PanguAlpha

模型描述

「鹏程·盘古α」由以鹏城实验室为首的技术团队联合攻关,首次基于“鹏城云脑Ⅱ”和国产MindSpore框架的自动混合并行模式实现在2048卡算力集群上的大规模分布式训练,训练出业界首个2000亿参数以中文为核心的预训练生成语言模型。鹏程·盘古α预训练模型支持丰富的场景应用,在知识问答、知识检索、知识推理、阅读理解等文本生成领域表现突出,具备很强的小样本学习能力。

论文J Wei Zeng, Xiaozhe Ren, Teng Su,et al., PanGu-α: Large-scale Autoregressive Pretrained Chinese Language Models with Auto-parallel Computation, 2021

模型性能

  • 基于Atlas 800

config

task

Datasets

metric

score

train performance

predict performance

pangualpha_2_6b

text_generation

WikiText2

-

-

4075 tokens/s/p

19.5 tokens/s/p (use past True)

pangualpha_13b

text_generation

WikiText2

-

-

575 tokens/s/p

12.5 tokens/s/p (use past True)

pangualpha_2_6b_prompt_txtcls

text_generation

TNEWS

ACC

0.646

-

-

pangualpha_2_6b_em_f1

text_generation

CMRC2018

Em/F1

2.10/21.12

-

-

仓库介绍

PanguAlpha 基于 mindformers 实现,主要涉及的文件有:

  1. 模型具体实现:mindformers/models/pangualpha

    pangualpha
        ├── __init__.py
        ├── convert_weight.py              # 权重转换脚本
        ├── pangualpha.py                  # 模型实现
        ├── pangualpha_config.py           # 模型配置项
        ├── pangualpha_processor.py        # Model预处理
        └── pangualpha_tokenizer.py        # tokenizer
    
  2. 模型配置:configs/pangualpha

    pangualpha
        ├── run_pangualpha_2_6b.yaml                       # pangualpha_2_6b模型启动配置
        ├── run_pangualpha_13b.yaml                        # pangualpha_13b模型启动配置
        ├── run_pangualpha_2_6b_prompt_txtcls.yaml         # pangualpha_2_6b文本分类评测启动配置
        └── run_pangualpha_2_6b_em_f1.yaml             # run_pangualpha_2_6b阅读理解评测启动配置
    
  3. 预处理脚本和任务启动脚本:mindformers\tools\dataset_preprocess\pangualpha

    pangualpha
        ├── pretrain_data_process.py     # wikitext-2等纯文本数据集预处理
        ├── cmrc2018_data_process.py     # cmrc2018数据集预处理
        └── tnews_data_process.py        # tnews数据集预处理
    

前期准备

生成RANK_TABLE_FILE(多卡运行必须环节)

运行mindformers/tools/hccl_tools.py生成RANK_TABLE_FILE的json文件

# 运行如下命令,生成当前机器的RANK_TABLE_FILE的json文件
python ./mindformers/tools/hccl_tools.py --device_num "[0,8)"

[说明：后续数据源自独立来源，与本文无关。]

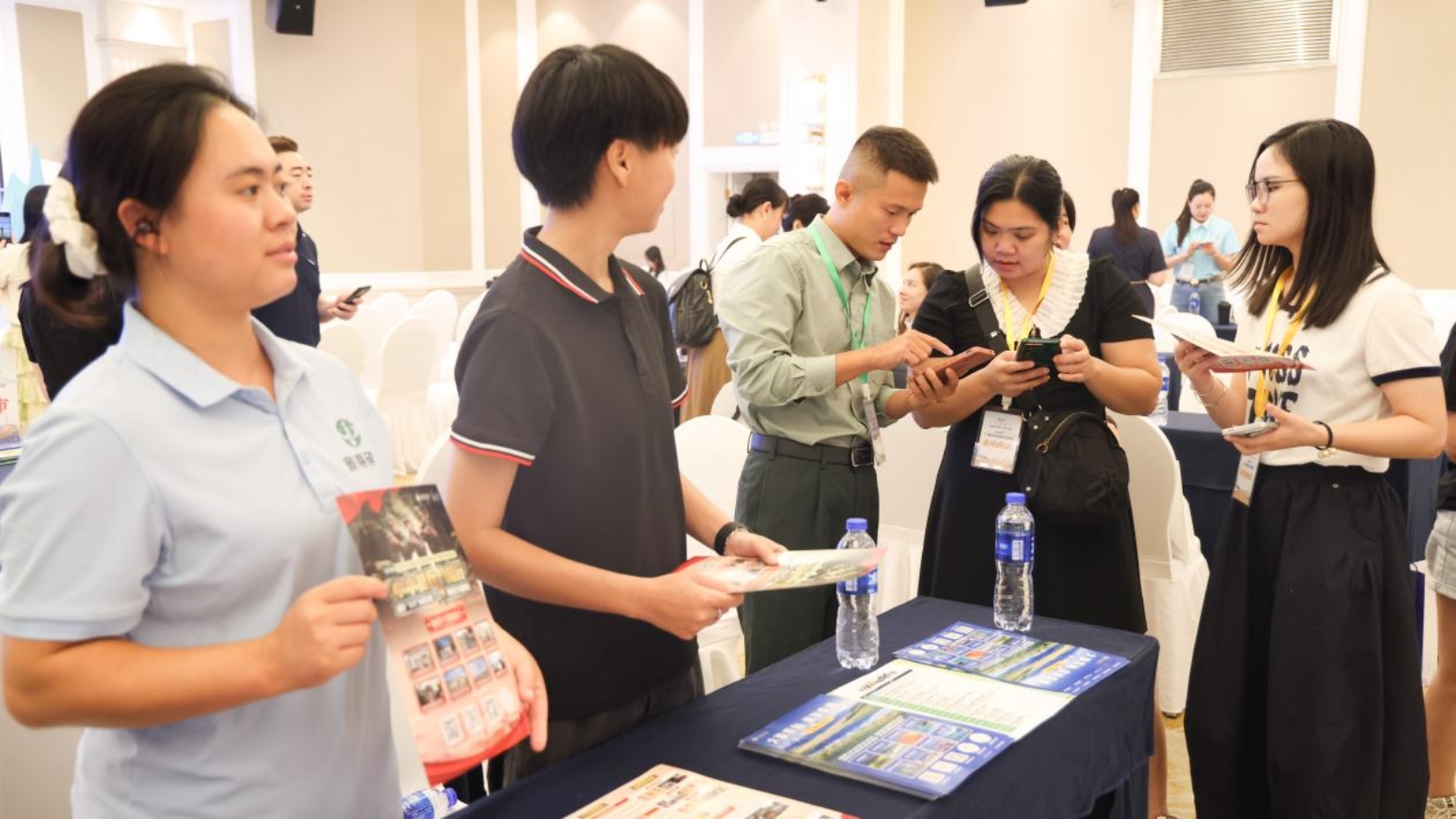 在广西研学旅游产品展销活动中,来自广西14个设区市的研学旅游服务商带来了暑期全区精品研学旅游产品300余件,包括城市探索、自然人文、红色文化和生态实践等相关精品研学旅游线路和体验项目。活动现场开设合作洽谈区,精准实现供需对接,为区内外研学旅游服务商提供高质高效的咨询洽谈服务。

注:若使用ModelArts的notebook环境,可从 /user/config/jobstart_hccl.json 路径下直接获取rank table,无需手动生成

RANK_TABLE_FILE 单机8卡参考样例:

{
    "version": "1.0",
    "server_count": "1",
    "server_list": [
        {
            "server_id": "xx.xx.xx.xx",
            "device": [
                {"device_id": "0","device_ip": "192.1.27.6","rank_id": "0"},
                {"device_id": "1","device_ip": "192.2.27.6","rank_id": "1"},
                {"device_id": "2","device_ip": "192.3.27.6","rank_id": "2"},
                {"device_id": "3","device_ip": "192.4.27.6","rank_id": "3"},
                {"device_id": "4","device_ip": "192.1.27.7","rank_id": "4"},
                {"device_id": "5","device_ip": "192.2.27.7","rank_id": "5"},
                {"device_id": "6","device_ip": "192.3.27.7","rank_id": "6"},
                {"device_id": "7","device_ip": "192.4.27.7","rank_id": "7"}],
             "host_nic_ip": "reserve"
        }
    ],
    "status": "completed"
}

多机RANK_TABLE_FILE合并(多机多卡必备环节)

  • step 1. 首先根据上章节内容,在每个机器上生成各自的RANK_TABLE_FILE文件,然后将不同机器上生成的RANK_TABLE_FILE文件全部拷贝到同一台机器上。

# 运行如下命令,生成当前机器的RANK_TABLE_FILE的json文件
python ./mindformers/tools/hccl_tools.py --device_num "[0,8)" --server_ip xx.xx.xx.xx

注:需要根据机器的ip地址指定 –server_ip,避免由于不同机器server_ip不同,导致多节点间通信失败。

  • step 2. 运行mindformers/tools/merge_hccl.py将不同机器上生成的RANK_TABLE_FILE文件合并

# 运行如下命令,合并每个机器上的RANK_TABLE_FILE的json文件。
python ./mindformers/tools/merge_hccl.py hccl*.json
  • step 3. 将合并后的RANK_TABLE_FILE文件拷贝到所有机器中,保证不同机器上的RANK_TABLE_FILE相同。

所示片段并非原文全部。